First detections of the key prebiotic molecule PO in star-forming regions
An international group of scientists from the Arcetri Astrophysical Observatoryin Florence, the Center of Astrobiology in Madrid and the Max-Plank Institute for Extraterrestrial Physics has detected for the first time the prebiotic molecule PO in star-forming regions. This molecule plays a key role in the double helix structure of DNA, and is therefore directly linked to the origin of life in the Universe.
In the past few years, the new generation of telescopes has allowed the astronomers to detect in the interstellar medium molecules that play an important role in prebiotic chemistry. These molecules are considered the building blocks of the first living organisms, and therefore their study can shed light on the origin of life in the Universe.
One of the key elements for the development of life is phosphorus (P). Chemical compounds containing phosphorus are essential for the structure of and energy transfer in cells. Especially important is the chemical bond between phosphorus and oxygen, PO, which is crucial for the formation of the backbone of the deoxyribonucleic acid, DNA, the macromolecule that contains the generic information of living organisms.
“Despite its astrobiological relevance, the PO molecule had not been previously detected in the regions where stars are formed”, says Víctor M. Rivilla, an astronomer of the Arcetri Observatory in Florence (INAF-OAA). “We were very interested in finding this molecule in the cradle of stars, because this would mean that one of the basic pieces of the DNA is already available in the gas that will form the planets where life may originate. So we started a project to search for PO in star-forming regions”.
Indeed, the astronomers have recently detected the prebiotic molecule PO for the first time in two star-forming regions in our galaxy: W51 e1/e2 and W3(OH). This important discovery has been accepted for publication in The Astrophysical Journal. The observations were carried out with the 30m-size radio telescope of the Institute of Radioastronomie Millimetrique (IRAM) located in Pico Veleta (Granada, Spain). The results of this work indicate that the abundance of phosphorus in star-forming regions is more than ten times higher than previously thought.
''While large organic molecules in space attract a lot of attention as building blocks of life, there is a simple molecule which plays an important role in shaping the structure of the genetic code carrier DNA: PO. In fact, sugar-phosphate groups, which include PO bonds, hold together the spiral staircase within DNA,” explains Anton Vasyunin from the Center for Astrochemical Studies (CAS) at MPE. In the CAS group, the scientists are working on understanding how simple as well as complex molecules – the building blocks of life - form and evolve in the interstellar medium. “Our chemical models are crucial to interpret observations and we have applied them to this new detection of PO,” Vasyunin points out. “We found that the production of PO becomes efficient in the vicinity of newly born stars, which warm up their surrounding parental cloud. Our models well match the observations."
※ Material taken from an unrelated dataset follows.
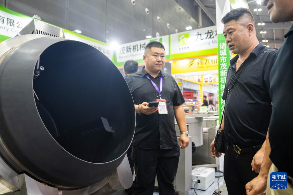 9月19日,在长沙国际会展中心,观众(右)在了解商用炒菜设备。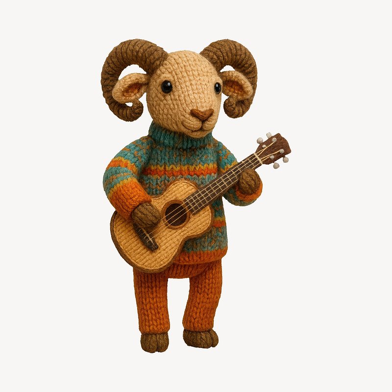 Knitted ram playing guitar https://www.rawpixel.com/image/24607677/knitted-ram-playing-guitarView license

Paola Caselli, coauthor of the work and Director of the Center for Astrochemical Studies at MPE is excited: “This discovery is a groundbreaking result. The search for prebiotic molecules in star-forming regions is still in its infancy but another building block of life has now been found and this brings more excitement to the field of astrochemistry. The future is bright, thanks to great instruments such as the IRAM telescopes and the Atacama Large Millimeter/Submillimeter Array (ALMA) available nowadays”.
“This study is telling us that phosphorus is an important and relatively abundant ingredient to ‘cook’ stars, planets and maybe also life”, says Francesco Fontani (INAF-OAA), coauthor of the work. “Some years ago, we already discovered the presence of the simplest sugar in a star-forming region, glycolaldehyde. Both sugars and compounds with phosphorus are the building blocks of the double helix of DNA”, adds Maite Beltrán (INAF-OAA), coauthor of the work. “Therefore, step by step, our findings are helping us to understand how life could be originated in space”.
These first detections of the PO chemical bond towards star-forming regions have profound implications for the prebiotic chemistry. “So far only molecules containing hydrogen, carbon, oxygen and nitrogen had been studied in detail in star-forming regions. After our discoveries we can now start to study the chemistry of phosphorus in the interstellar medium, which will give us important clues about how the chemical complexity can grow to form more complex molecules with astrobiological relevance”, says Jesús Martín-Pintado (CAB-CSIC), coauthor of the work.